In summary, there appears to be no harm to apneic oxygenation, but there may not be benefit in patients requiring NIV or BVM ventilation for preoxygenation, given the shunt physiology exhibited.

Hypoxemia – Summary

• Pre-oxygenation and apneic oxygenation should be performed in all critically ill patients
  • O2 saturation 96-100%: NRB with max flow rate or BVM + nasal cannula at 15 L/min OR high-flow nasal cannula
  • O2 saturation < 95%: CPAP or BVM with PEEP to improve alveolar recruitment and oxygenation
• Position all patients in back-up head elevated position
• Apneic oxygenation is a low-risk intervention with no proven harms that may provide significant benefit in prolonging the safe apneic period, however they may be no benefit in patients requiring NIV or BVM for preoxygenation

Hemodynamic instability

– Several physiologic reasons for hypotension after emergent endotracheal intubation: decreased preload given decreased venous return from the initiation of positive pressure ventilation, attenuation of catecholamine surge with resolution of hypoxia/hypercarbia (especially in hypovolemia), vasodilation and myocardial depression due to induction agents, and underlying pathology (cardiopulmonary, acid-base, sepsis, hemorrhage, hypovolemia).

– A retrospective study of intubations in a large urban ED (Heffner 2012) found the incidence of postintubation hypotension in patients who were hemodynamically stable before intubation to be 23% (almost 1 in 4 patients). This was independently associated with a higher risk of in-hospital mortality and longer ICU stay. Immediate pre-RSI shock index was the variable most strongly associated with post-intubation hypotension (OR 55). Other factors included ESRD and age.

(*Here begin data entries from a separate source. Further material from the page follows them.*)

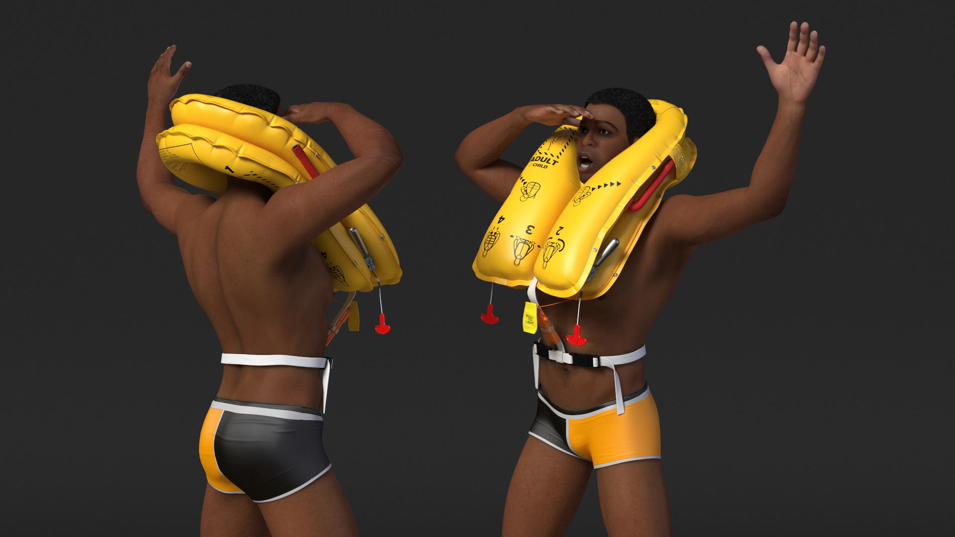Man with Life Jacket is a three-dimensional model of Black or Afro American male (man) character in the inflatable life vest, that is a buoyant rescue device designed for emergency situations at sea, river, lake or ocean.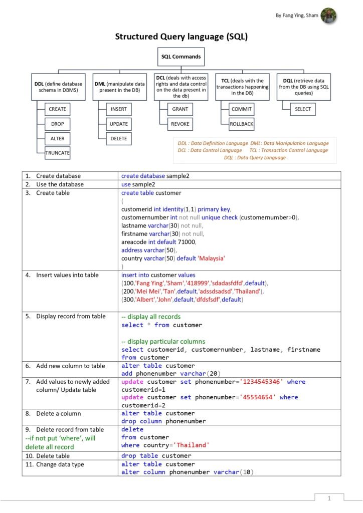 - Data Manipulation Language (DML) Commands: Commonly used DML commands such as SELECT, INSERT, UPDATE, and DELETE, along with their syntax and usage examples.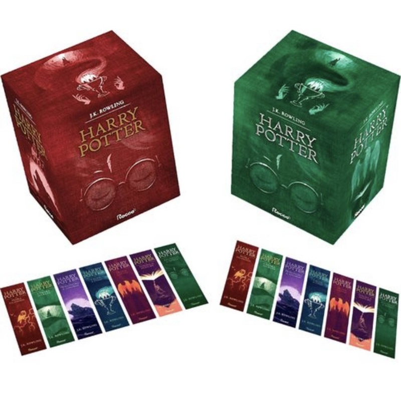 Box Harry Potter Premium Verde/Vermelho 7 Livros em Capa Dura + Marcadores

– A Canadian study out of Halifax by Green et al. identified that 44% of patients intubated in the ED developed post-intubation hemodynamic instability. Increasing age, COPD and pre-intubation hemodynamic instability were identified as associated risk factors.

Shock index

• Presence of hypotension before intubation predicts catastrophic consequences in the postintubation period; however, arterial pressure is well regulated by reflex compensatory mechanisms and so does not begin to change until late in the progression toward cardiovascular collapse.
• An elevated shock index (SI = HR/sBP; normal < 0.7) is an early sign of shock despite otherwise normal vitals. A shock index >0.9 has been shown to correlate with severity of illness, associated with mortality and need for therapeutic intervention
• In the context of emergent intubation, 2 studies have examined SI. Besides the Heffner study, a retrospective analysis of 140 normotensive patients intubated emergently in the ICU (Trivedi 2015) found a significant association between a preintubation SI >0.9 and the development of sBP less than 90 mmHg in postintubation period. Patients with elevated SI also had higher mortality rate. Further studies are needed to evaluate the role of SI as a variable in prognostic scoring systems, but this is a quick and noninvasive way of predicting who is at risk for deterioration in the peri-intubation period and in whom you should intervene before intubation.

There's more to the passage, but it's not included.